Let’s say you’re looking to hire a professional. Maybe it’s a doctor, or a plumber, or an auto mechanic. While you can certainly go online and search for someone, you’d probably feel much better getting a referral from a friend or family member. Working on a film project is no different. You want to know that the people you’re working next to are creative, have good attitudes, and a solid work ethic, which is why referrals are so important. When you’re new to LA, the best way to meet new people is to network… but networking in Hollywood isn’t what you think.

Networking conjures up images of stuffy events at which hundreds of suit-clad people plaster smiles on their faces while handing out business cards in an effort to drum up more work.  While this may be the case in some industries, the opposite is true in Hollywood. Networking is about making friends, and fostering real relationships. People want to work with those they trust and enjoy, which is why more deals are made in a bar or on the golf course than at a networking event.

I’d argue that the old adage, “It’s who you know,” should really say, “In Hollywood, it’s about who knows you.” That’s the secret of marketing– get them to come to you.

Networking is about people.  Meeting people, giving to others, bringing a talent to the table, and being pleasant to work with.  When you’re in the film industry, nurture your relationships because you never know where they’ll lead. The best way to network is by having something to give. Volunteer your time, offer to do something for someone, and become valuable to the people with whom you’re working. Helping someone today may not have an immediate impact, but the relationship you nurture will pay dividends in the future.

  • Don’t wear your desperation on your sleeve.  There are a lot of people in LA who are looking for their next job and the need it desperately. You will absolutely meet them. You will meet at a party and within 30- seconds they will pitch you a screenplay idea, try to find out what you do and if you can help them, and try to figure out who you know and to whom you can introduce them.  Don’t be like these people. No one likes them.
  • Call your contacts when things are going well to check in, not just when you need something – If you are working, check in with your friends and acquaintances to see how they are doing.  It’s common to hear from someone when they want something from you, but it’s flattering when they call to simply see how you’re doing.
  • Bring something to the table – People will be more inclined to help you if you offer them something first.  Offer to read their screenplay, watch a rough cut of their short film, check out their website, or like a blog post they wrote.  Giving of your time and talents is the best way to see that generosity reciprocated.
  • Surround yourself with the people you want to be like – There are a ton of people in LA, from the ultra rich and successful to the downright broke and desperate.  While misery loves company, it won’t help you get to the next level.  Surround yourself with other successful people.  Talk to them, learn from them, and become part of a network that empowers you.
  • Help others – Volunteering your time on someone’s film, lending a camera or gear, or reading someone’s script is a great way to show you care about them and their project, and people will remember that.
  • Attend trade shows – There are dozens of events, equipment demos, and trade shows that are well-attended by professionals. They are an informal and comfortable way to meet other filmmakers and vendors.
  • Attend workshops – Many camera, lighting, sound, and post vendors host open houses and hands-on training seminars as a way of educating filmmakers about their new products. These are often low cost or free and attract other professionals.

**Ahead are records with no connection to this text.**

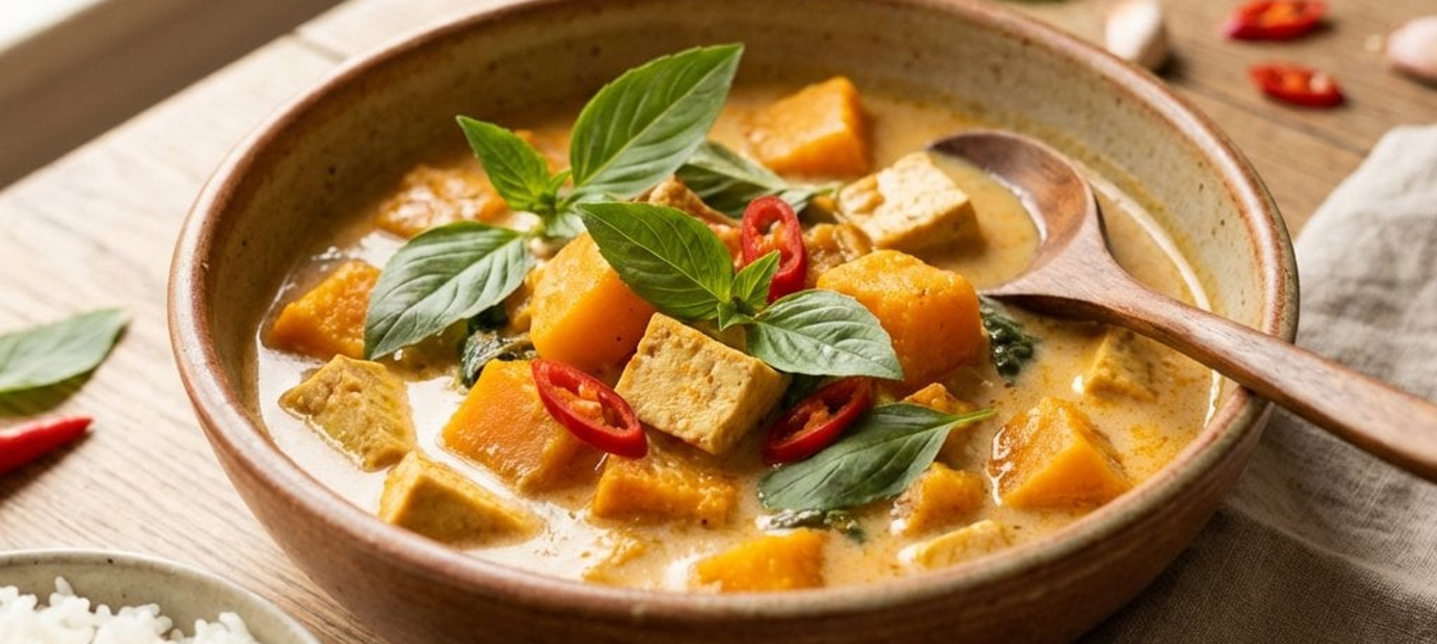 - 3La final, adăugați dovleacul copt tăiat cubulețe în sos. Condimentați cu sos de soia și sare după gust. Presărați busuioc Thai proaspăt și felii de ardei iute deasupra.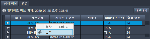 4. 와이어 번호를 검색하려면 상세 정보 및 연결 표시 를 클릭하고 연결 탭을 클릭합니다. 행 또는 행 그룹을 선택한 후 마우스 오른쪽 버튼으로 클릭하고 검색을 선택합니다.
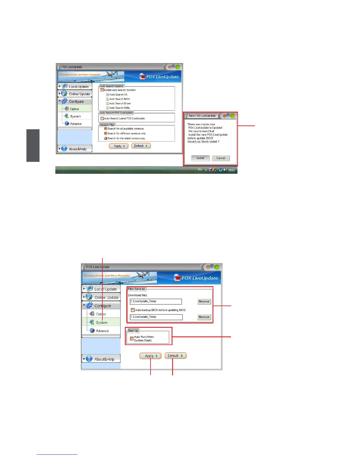 This page lets you set the backup BIOS location and change different skin of the FOX LiveUpdate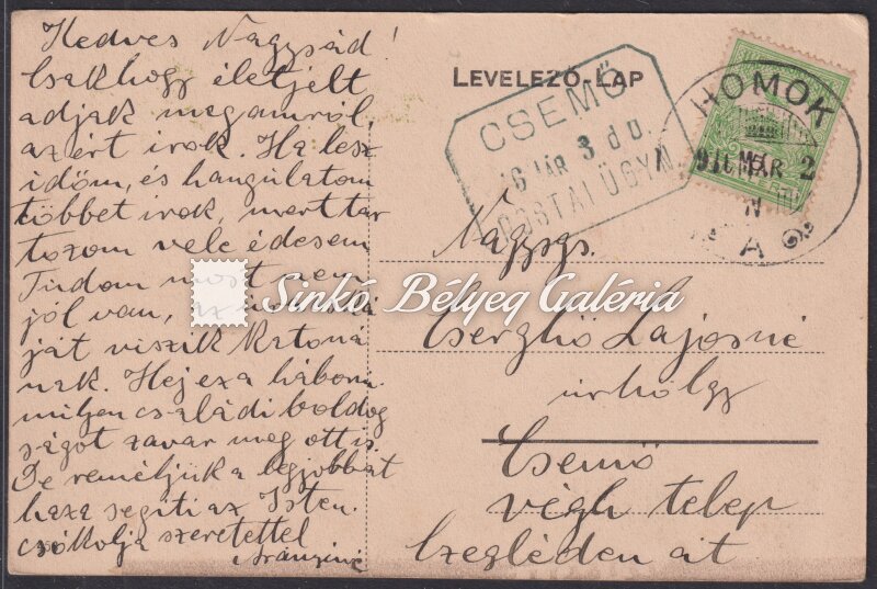 Leírás | 1916.03.02. Képeslap HOMOKról CSEMŐre küldve. CSEMŐ POSTAI ÜGYN. bélyegzővel! / 1916.03.02. Postcard sent from HOMOK to CSEMO. With CSEMO POSTAL AGNECY's cancellation! |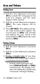 Area and Volume Finding Area 1) Roll the first dimension and press [M1+]. A small “M” will appear in the scale box display and the main display will be cleared. 2) Roll the second dimension and press [M2x]. The main display will be cleared. 3) Press [Rcl] [M2x]. This displays the linear value stored in this register. The second press of [M2x] will calculate and display the area, which is the value stored in [M1+] times the value stored in [M2x]. Finding Volume 1) Roll the first dimension and press [M1+].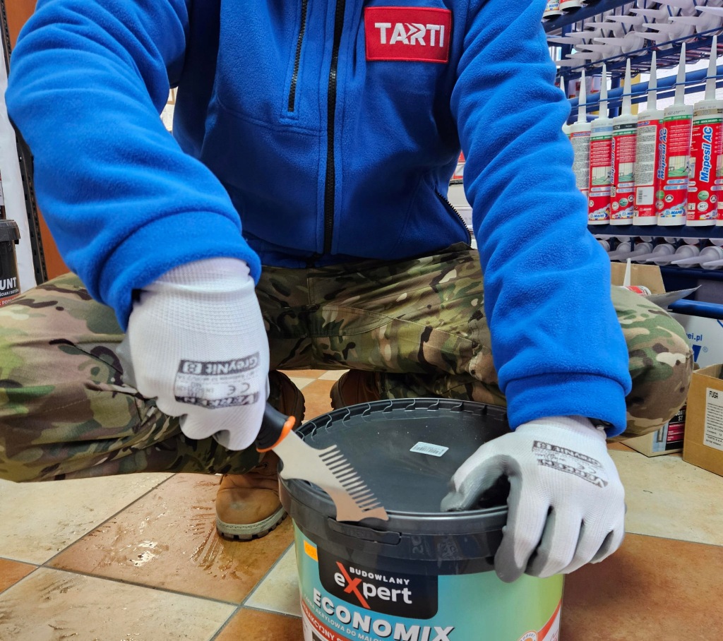 рукавички легкі, зручні. Забезпечує чудову зручність використання і захист торкається предмета (відбитки пальців, захист від поту), нековзний. Вони стійкі до стирання і неприємних забруднень, наприклад, маслами або мастилами, а також до мікрорізів. Особливо рекомендується в будівництві і промисловості.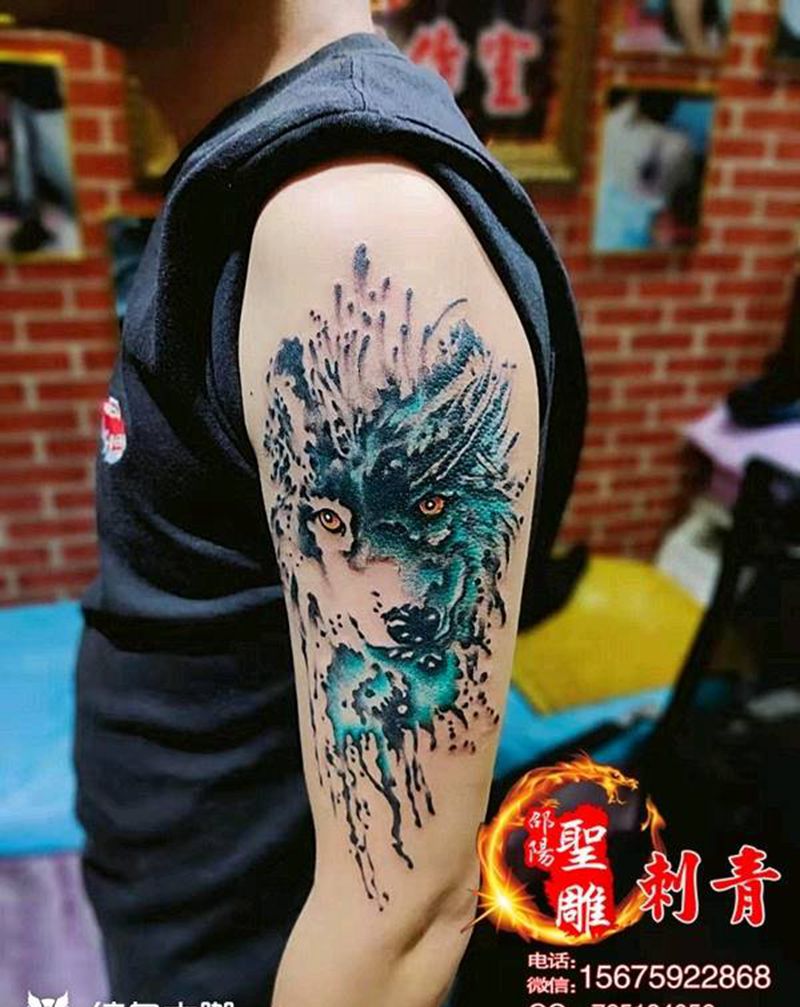 当前位置: 首页 >湖南省邵阳市纹身店-邵阳聖雕刺青纹身图案>狼道..水彩泼墨风!纹身图片_手臂水彩水墨纹身图案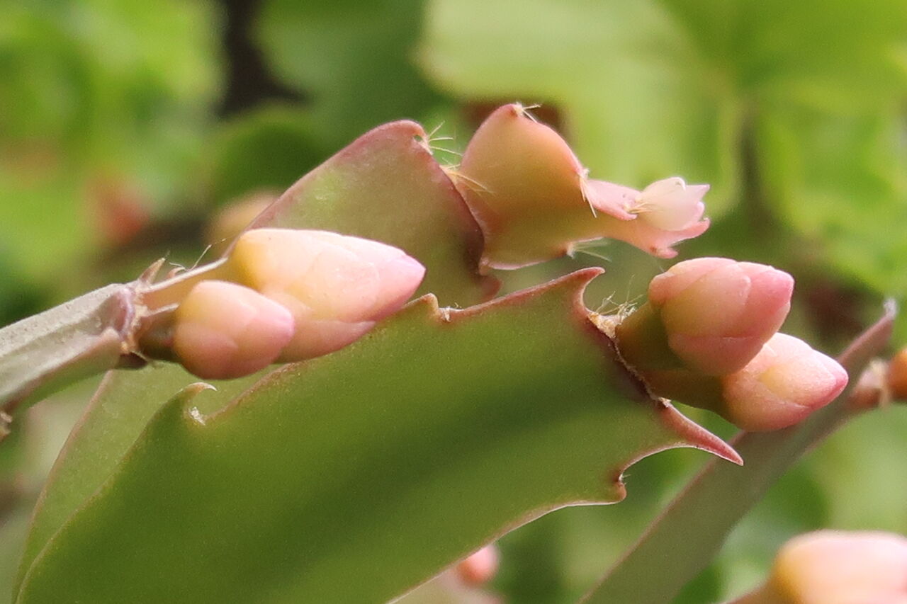 充実していない葉には小さな蕾がありましたが、来年のために咲かせません。しかしこんなにきれいなシャコバサボテンの葉を、この時期見たのは初めてです。買った親株(上)も手に入れたときは処分品の中の一つで、かなり弱っていましたから。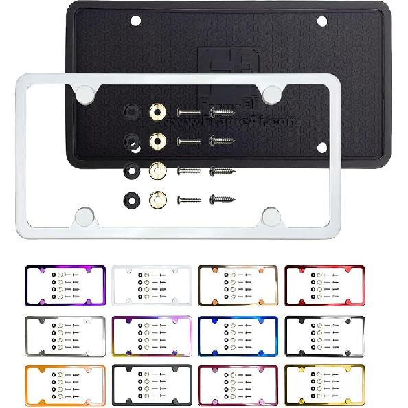 Силиконовая защита задней панели Четыре отверстия Тонкая рамка для номерного знака Фиолетовая Зеркальная Хромированная Гальванопокрытие Универсальная посадка Алюминиевая накладка-заглушка на винтах, Нержавеющая сталь T304 белый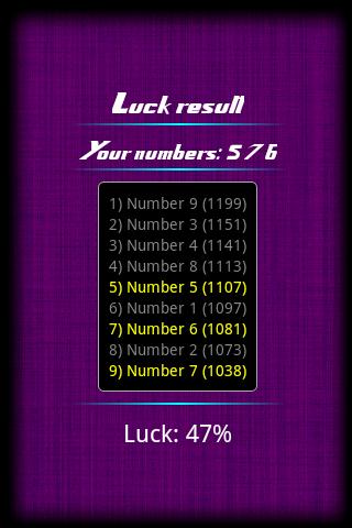 Select three numbers and see if you are lucky! The application is generating 10000 numbers from 1 to 9 and counts every number. Finnaly a luck procentage is generated considering the numbers that you choosed and they're order! Have fun :)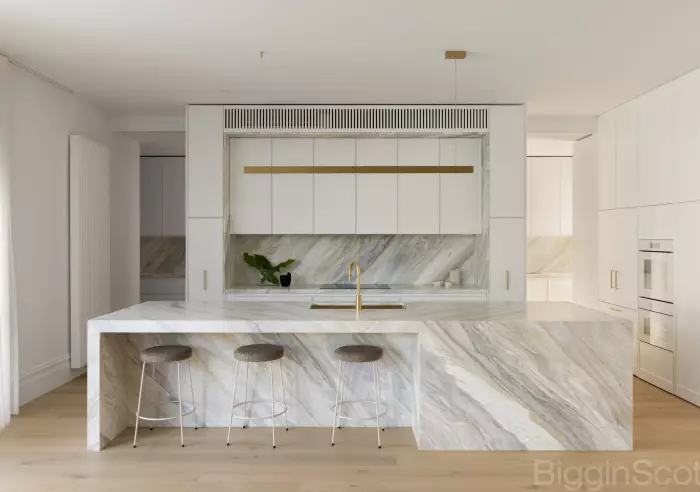 Every detail has been accounted for, from app-controlled security, CCTV and automated gates with front and rear parking, to video intercom, multi-zone climate control, French Oak floors, double glazing, hydronic heating, garden irrigation, and ABI brushed bronze tapware.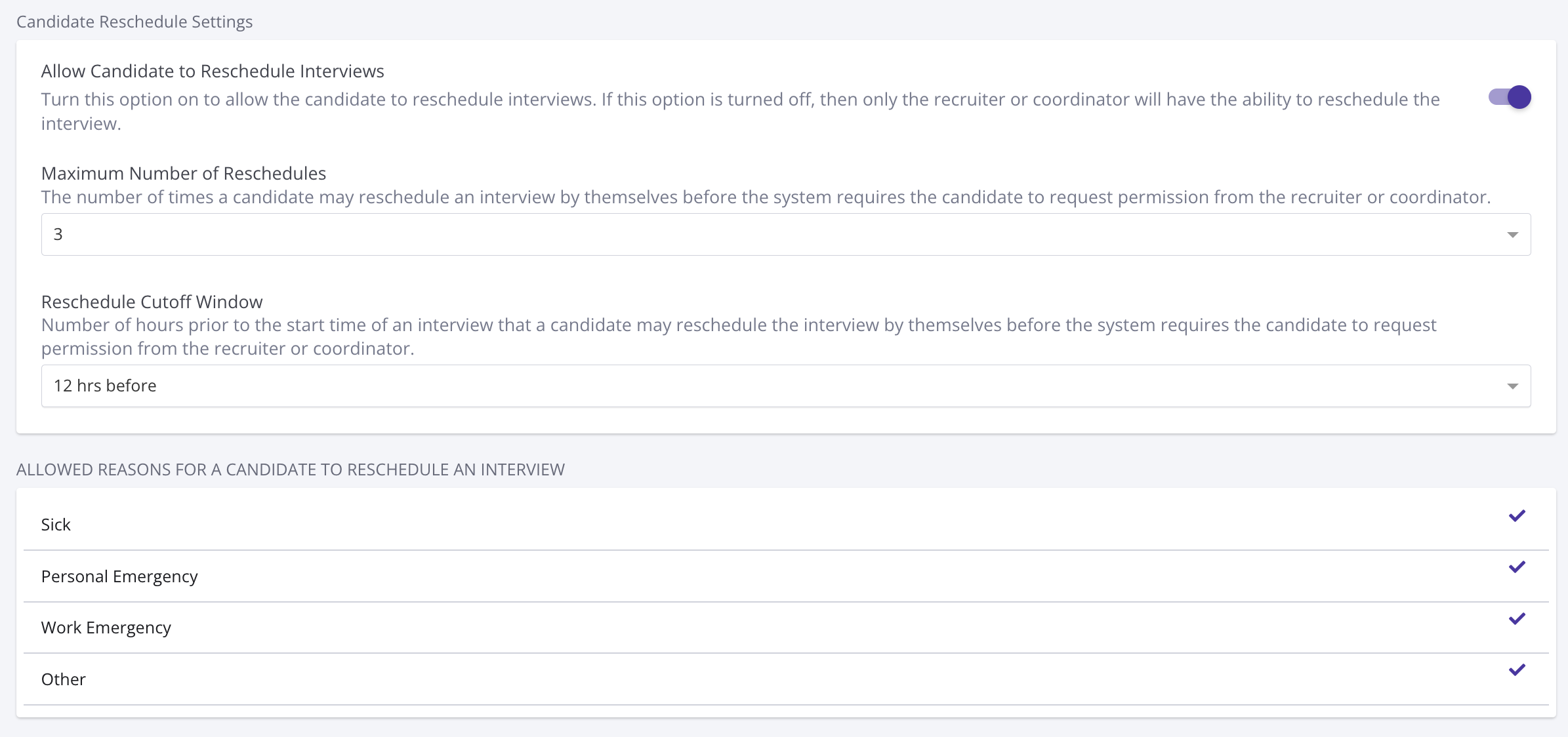 - If you turn this OFF, your candidate will have to reach out to the scheduler to reschedule their interview.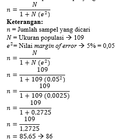 Perhitungan rumus Slovin mulanya menghasilkan 85,65 responden, kemudian dibulatkan menjadi 86 responden. Sehingga jumlah responden dalam penelitian ini adalah 86 responden.
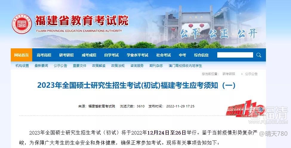 三、密切关注研考信息。请考生及时关注福建省教育考试院网站及微信公众号、报考点发布的研考有关信息;及时了解报考点所在地卫健疾控部门发布的防疫要求。请考生务必保持手机畅通,做到及时接收相关信息。如有疑问或特殊情况,请考生主动与报考点联系。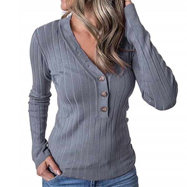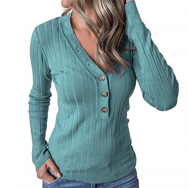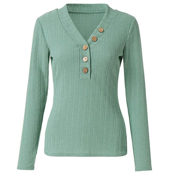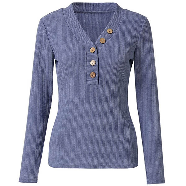 Finished with solid color,long sleeve,v-neck and buttons design at the neckline part,this t-shirt knows how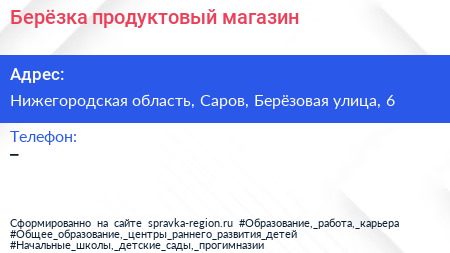 Берёзка, продуктовый магазин по адресу Нижегородская область, Саров, Берёзовая улица, 6 в дальнейшем Организация, размещена в следующих категориях: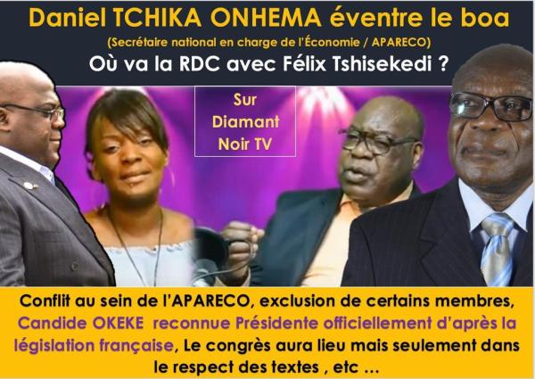 VIDEO/ Daniel TCHIKA ONHEMA éventre le boa sur Diamant noir TV (Secrétaire national en charge de l’Économie / APARECO) Où va la RDC avec Félix Tshisekedi ? A suivre ICI - Conflit au sein de l’APARECO, - exclusion de certains membres, - Candide OKEKE reconnue Présidente officiellement d’après la législation française - Le congrès... Lire la Suite →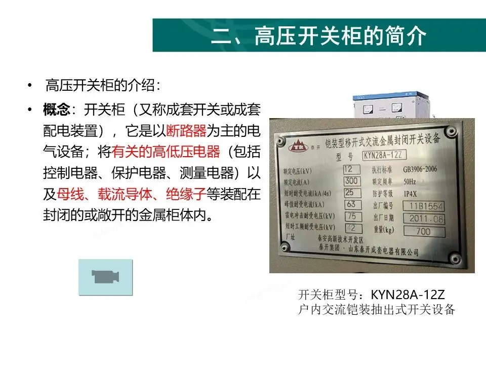 •概念:开关柜(又称成套开关或成套配电装置),它是以断路器为主的电气设备;将有关的高低压电器(包括控制电器、保护电器、测量电器)以及母线、载流导体、绝缘子等装配在封闭的或敞开的金属柜体内。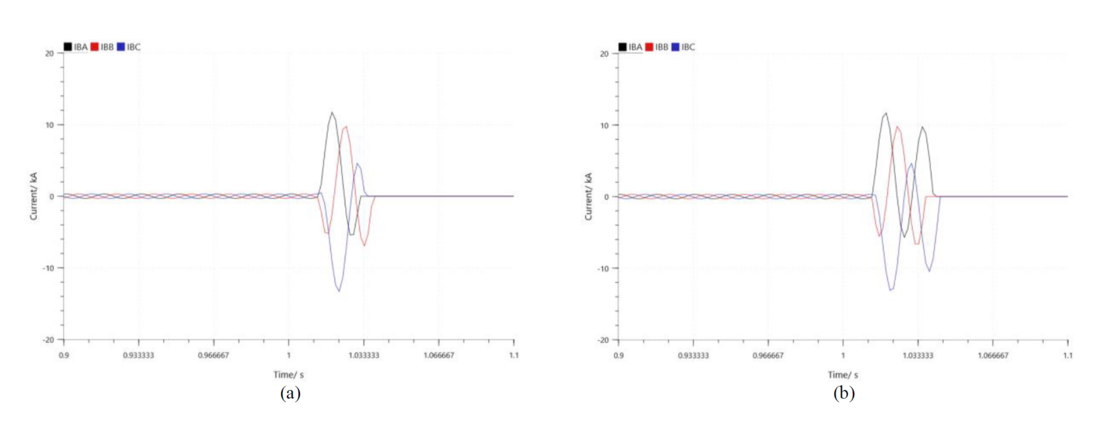 Figure 6 – Feeder currents when CB is tripping with (a) P&CIED 1, (b) Simulated IED

The best way to network is to get yourself out there. Attend film festivals, industry events, trade shows, and vendor events. Look out for rental companies that host open houses. Go to industry screenings and premieres. From there, talk to everyone and learn their story.

LA is an incredibly social city. People throw pool parties and barbecues, house parties and dinners. They go out to the beach and to local bars. This is where the real networking happens. Someone will mention a project over a drink, or you may overhear a friend looking to hire a crew person. This is where recommendations are made and deals happen.